3/2/08 - Aruba Networks, Inc. (NASDAQ: ARUN ), a global leader in wireless LANs and secure mobility solutions, today announced the availability of a new white paper, "The T-Mobile HotSpot@Home UMA Service on a University or Enterprise WLAN." Unlicensed Mobile Access (UMA) protocol, an ITU/3GPP cellular standard, is a form of fixed-mobile convergence (FMC) in which a phone has a single number for both cellular and Wi-Fi networks.

The phone automatically switches to Wi-Fi when it detects good reception from a suitable access point, returning to cellular mode when the device loses a usable Wi-Fi signal. The white paper describes how to support T-Mobile's HotSpot@Home UMA service using an Aruba wireless LAN.

Within enterprise FMC there are different UMA architecture options that vary depending on how closely mobile phones are linked to the enterprise PBX, where the phone numbers are hosted, and what voice and data calling features are offered on the phones. T-Mobile's HotSpot@Home service supports a range of dual-mode cellular/Wi-Fi devices that implement the UMA protocol. By operating independently of a PBX, UMA is well-suited to universities and enterprises that do not rely on PBX-based 4- or 5-digit numbering plans. No other national cellular operator in the U.S. offers a service comparable to T-Mobile's, putting it in a unique position to benefit students, schools and enterprises alike.

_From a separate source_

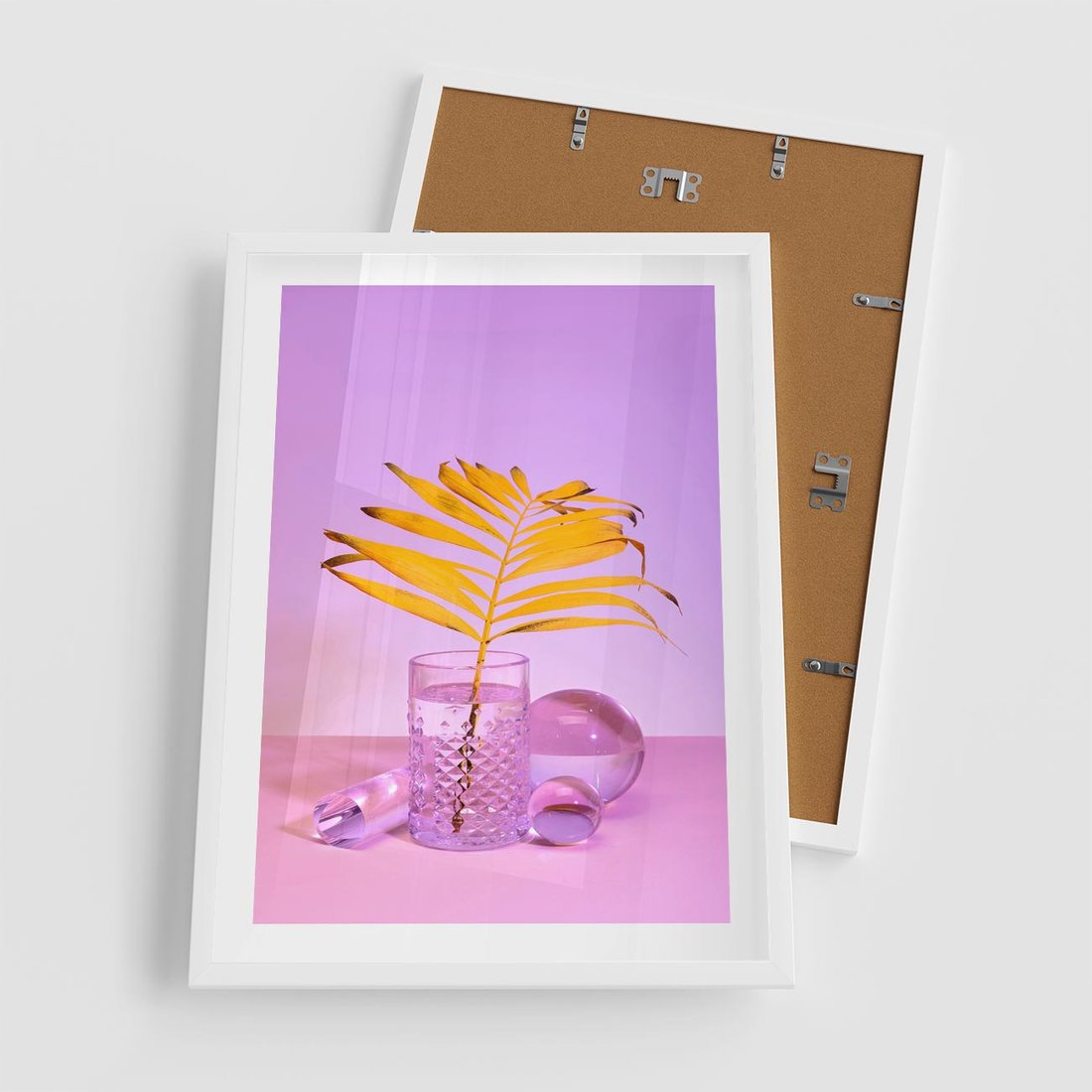 Plakat w ramie 50x70 - Neonowy Liść Palmy na Fotografii - neonowa fotografia, liść palmy w szklance - rama biała

"The T-Mobile HotSpot@Home UMA Service on a University or Enterprise WLAN" white paper explains how an Aruba wireless LAN can be used in support of the HotSpot@Home service. Key topics include: authentication requirements; advertising a suitable SSID; implementing firewall rules; end-to-end quality of service; bandwidth requirements; call admissions control; and emergency call handling.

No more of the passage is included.